The answers, I believe, start with empathy for others and acknowledging our own fallibility. They continue with a search for safe, productive means to face uncertainty without freezing on the wall. There will be many avenues to this end, and I have outlined some ideas below:

 

1- Be ruthlessly pragmatic.

You could frame the dynamic between confidence and truth as a battle for the heart of humanity. From Donald Trump, Fake News and political polarisation to the ethics of virtual reality and our unknown digital future. This might make for a good book, but in the world of workplace culture it strikes me as indulgent and unpractical. What are we supposed to do when faced with these macro-social problems? Who knows. And that’s why I’m interested in the opposite. What can we control? How do we break big cultural challenges into everyday moments that we feasibly change in our organisations? And how do we democratise this process, doing it together at scale, while recognising there will need to be a lot of learning and uncertainty along the way? These questions are safe (controllable), productive (laden with doubt) and offer a platform for exploration. They are our start point.

 

2- Make people safe and give them time.

Exploration needs time and space, but everyone’s too busy. There are lots of reasons why but our draw to confidence is a factor. When you look busy you look important. It may be about having too much to do, but it may also be about reducing the anxiety of social evaluative threat. We can face both hurdles together, by removing unnecessary time burdens while introducing role models who celebrate rather than fear uncertainty.

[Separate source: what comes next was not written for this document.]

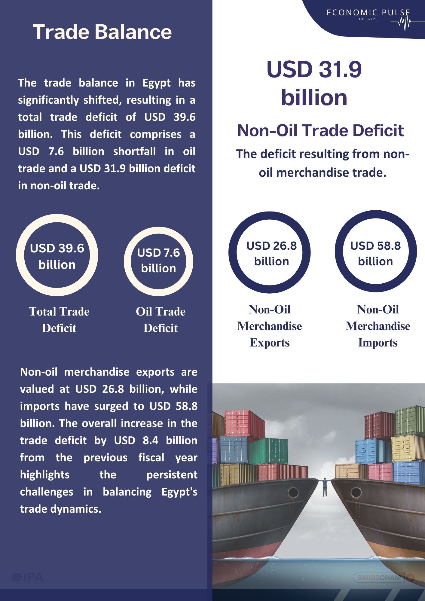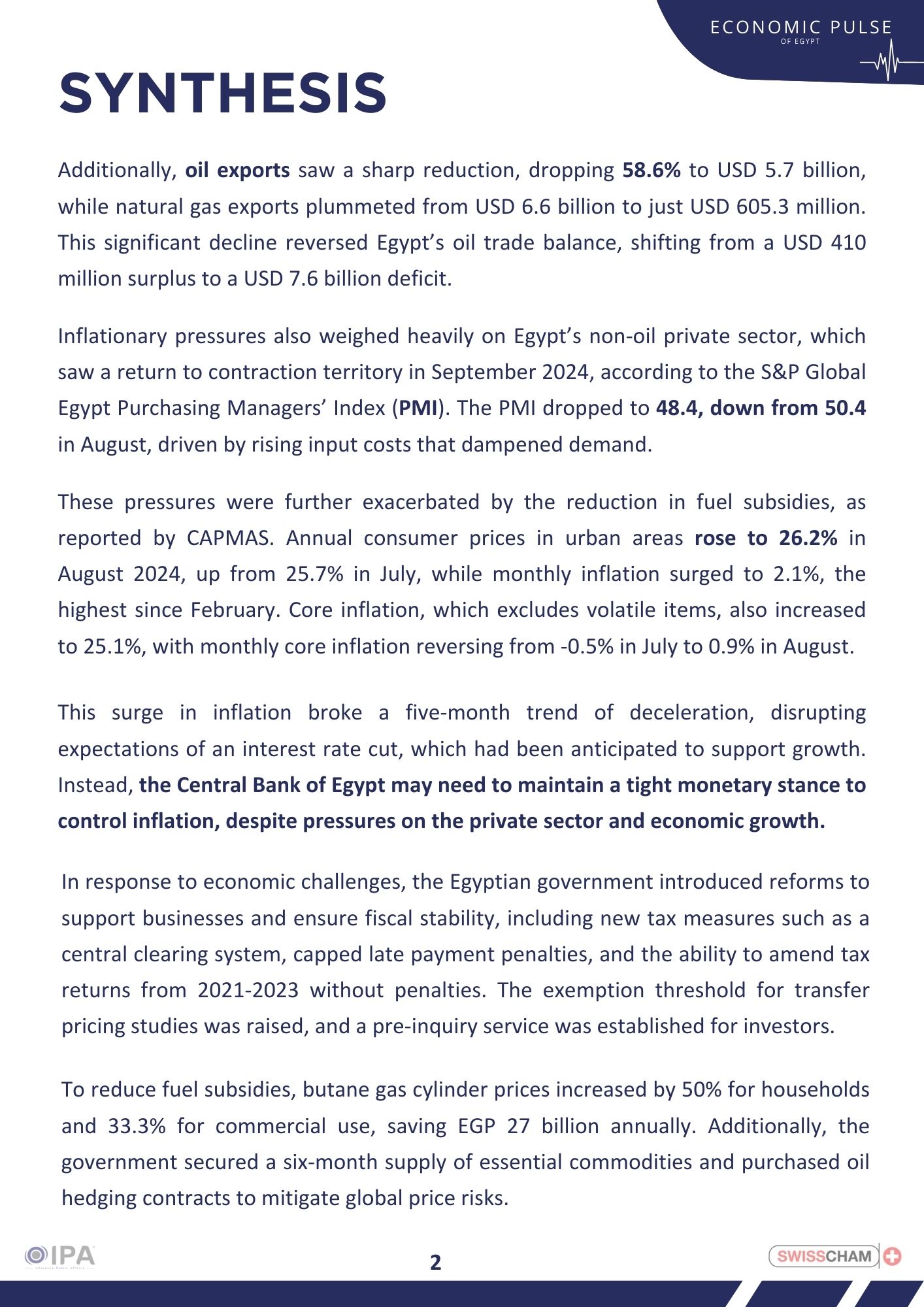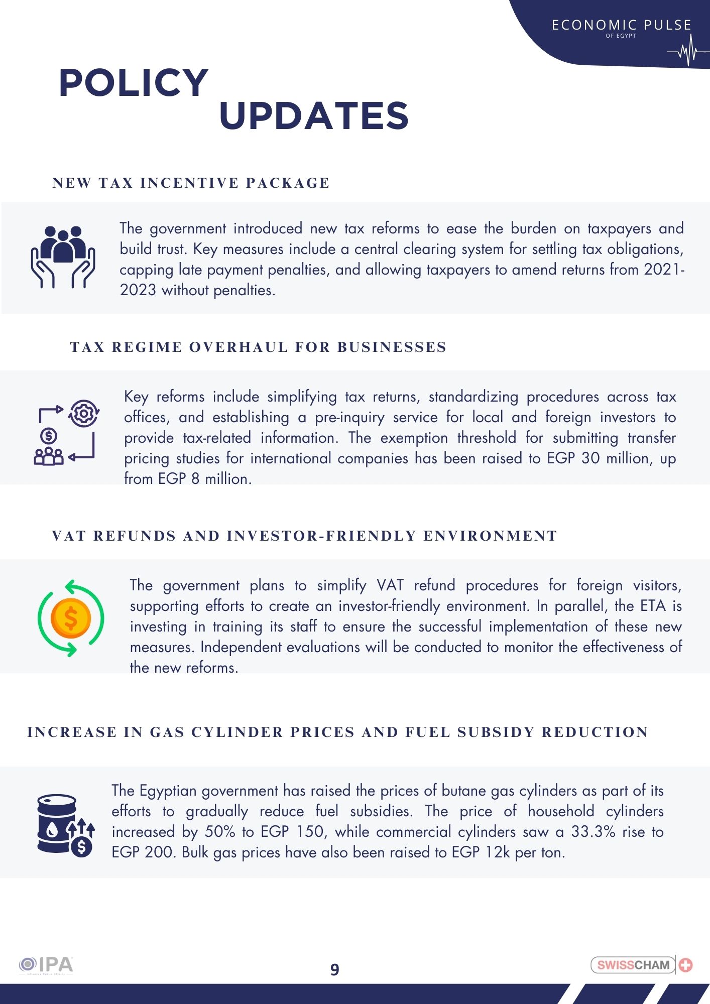 However, these positive developments were offset by several economic challenges. GDP growth slowed to 2.4% in FY2023-24, down from 3.8% the previous year, as external shocks and contractionary domestic policies constrained economic expansion. The current account deficit widened significantly to USD 20.8 billion, compared to USD 4.7 billion in 2022. This was largely due to a 24.3% decline in Suez Canal revenues, which fell to USD 6.6 billion year-on-year.

  • Remove what wastes time and causes anxiety. How much time do your colleagues spend worrying about upcoming meetings? How much time do they spend worrying about your performance management process? How much time do they spend worrying about their employee engagement results or whether they made it into your high-performance programme? How much time do they spend worrying about the reorganisation you’ve just announced - the one that isn’t really necessary, but is another example of leaders doing things to make themselves feel in control at others expense?

    Is this anxiety worthwhile? Are these meetings productive? Does your performance management process increase performance? What’s the value of another reorganisation? These are worthy questions and they can offer simple, transformative answers. When organisations genuinely focus their enormous resources in these everyday places, magic things can happen. Like when Dropbox ran a beautifully named ‘Armeetingeddon’ initiative, that saved time, increased productivity and probably saved a whole load of needless anxiety by reducing meeting times.

  • Stop role-modelling the absurd. Look to your leadership team, to the TEDTalks you admire and the keynote speakers you invite into your organisation. Look to the dominant consultancy models, to the executive advisors and the popular content on LinkedIn. Every single day we are spoon-fed the same message. Confidence is the aspiration. Certainty is the value. Absurdity is what we want.

    It doesn’t have to be this way. But doubt needs a PR team. It needs to be a value that you promote, normalise and make safe, and this can happen in a myriad of ways. One trick is to start with the right role model. The most inspiring moment of my career was sharing a train journey with one of my heroes (and the world’s leading expert on gender equality), and hearing her reflect on all the things she didn’t know about gender equality. Nothing has been so liberating than listening to her authoritative uncertainty. She wasn’t anxious about it; she was inspired to learn more.

    We can recreate this experience for others. We can share the insights of Yuval Harari and his call for humility over the simple claims of that overconfident business guru. We can select speakers who celebrate doubt to address our events and conferences. We can talk about culture in grey, open terms, rather than relying on the absurdity of values on a wall. We can inspire the embrace of uncertainty in a community. And then we can help put it to work…

 

3- Redefine success.

Progress doesn’t happen in a day, it happens when a model of exploration and learning is repeated. For that to work, we need to redefine what success means on the small-scale in the interests of the longer-term.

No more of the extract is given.